San Franciscan app Reddit doubles as both a social media app and a news app. Originally founded in 2005, the app was made by web developers and entrepreneurs Steve Huffman, Alexis Ohanian, and Aaron Swartz.
| (The Reddit logo) |
- The "Home Page," where users' subscribed subreddits appear
- The "Popular Page," where trending posts and subreddits appear
- The "Answers Page," where users can use the app's AI to search the its database and backlog of posts and information
- The "Explore Page," where users can browse lists of subreddits
| (Screenshots of Reddit's 2025 layout of its Popular and Answers Page) |
Reddit as a news source has been present enough to warrant specific webpages about the app from reputable sources such as the BBC, WIRED, and CBS News. In fact, the app is listed as a news source rather than a form of social media on the Google Play Store, despite it very much being the latter just as much as the former.
According to the Pew Research Center, approximately a fifth of the U.S. uses Reddit as its preferred news source (of course with some overlap with other apps). The app is most popular with Millennials and Gen Z, which may not be surprising considering the holistic, increased likeliness of social media usage among said crowd compared to older generations. Additionally, Reddit is more likely to lean blue than red, with a better part of its userbase considering themselves as Democrats.

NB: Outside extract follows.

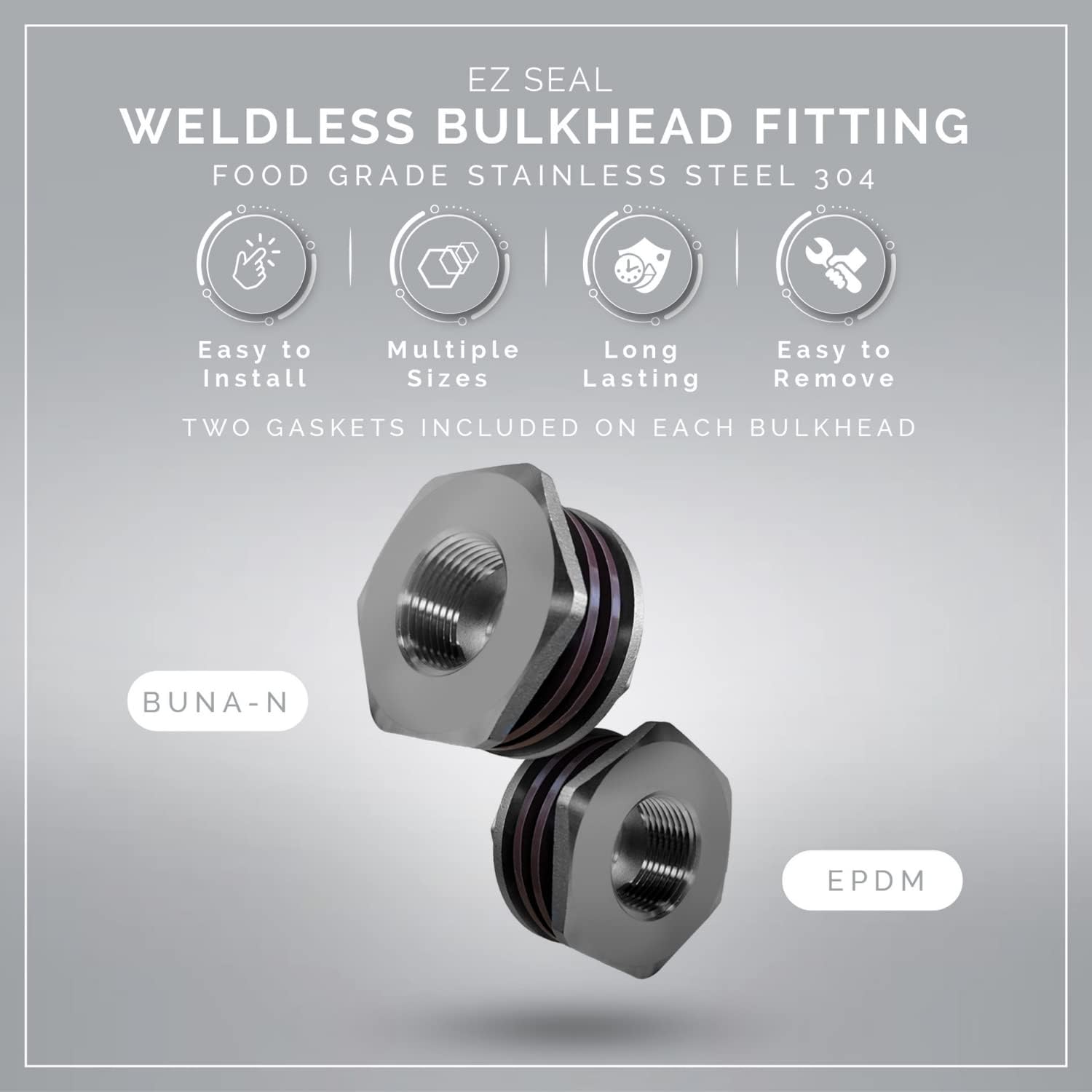 | Material Type | 3/4” NPT EZ Seal Weldless Bulkhead, EPDM Gaskets |

| (Statistics of which demographics get their news from which app, including Reddit) |
However, the app is often predisposed to echo chambers and misinformation due to its format. As already discussed on this blog, echo chambers occur when a vacuum of thought is created, either arbitrarily or through the algorithm. And such is the case for Reddit.

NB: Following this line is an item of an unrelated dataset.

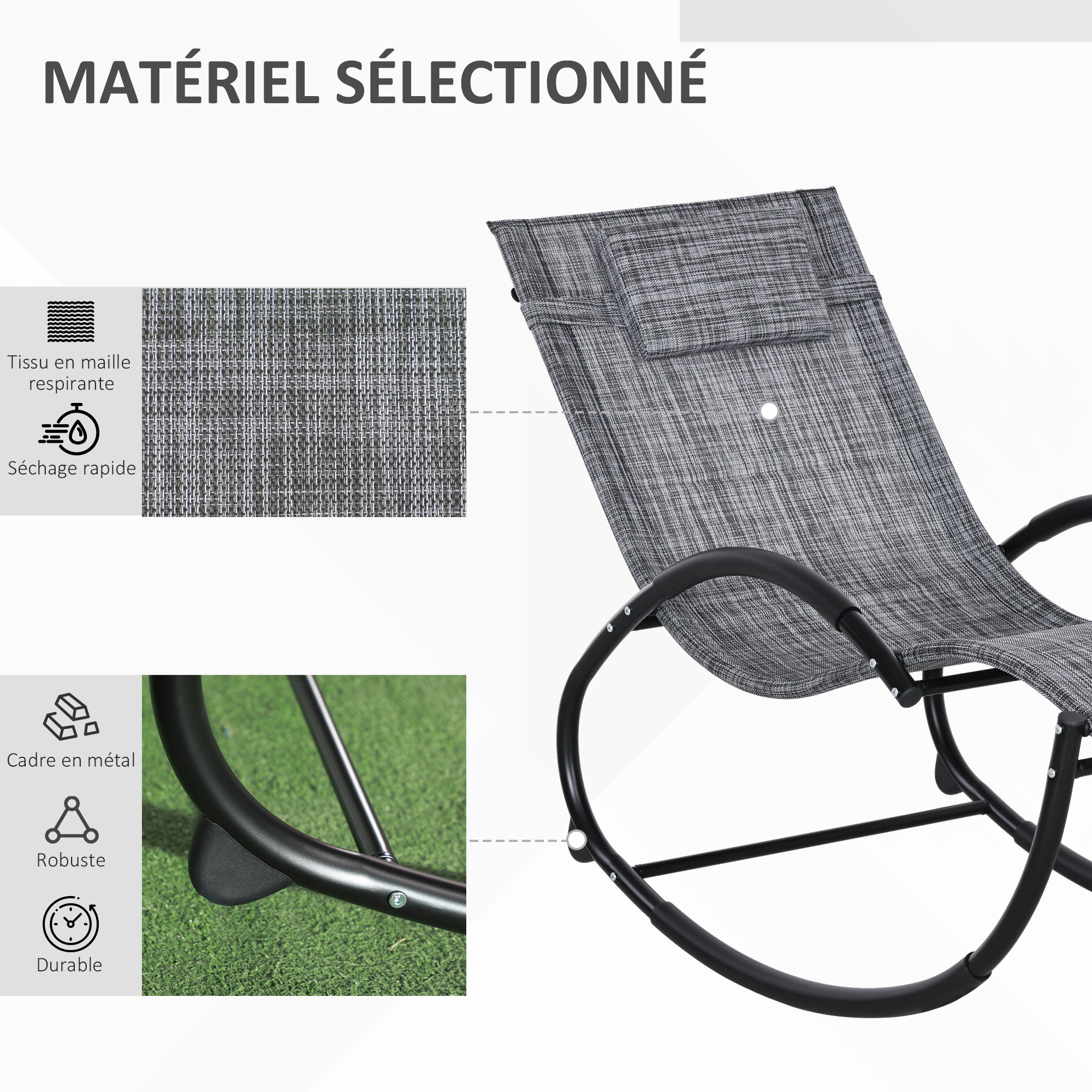 • Chaise longue à bascule, transat de jardin ergonomique, bain de soleil, avec tétière, rocking chair, textilène, utilisation extérieure intérieure, gris chiné

Speaking from personal experience, the app is very likely to recommend subreddits that align with the phrases/mindsets/etc. of similar subreddits. Because of this, Reddit hardly has the best reputation. Its menagerie of niche (oftentimes obnoxious) communities has caricaturized its users as disagreeable, narrow-minded contrarians. I firmly believe this is a matter of environment; whether or not this stereotype rings true depends entirely on how popular, homogenized, and controversial one's subreddits of choice are.
It would be gullible to suggest that broadening what Reddit's algorithm suggests would be a fix to this issue. After all, that's not how algorithms function; they are specifically designed to create feedback loops withs their users. I believe a change like this can only be made through agency, and that people will not change or learn or grow if they do not want to.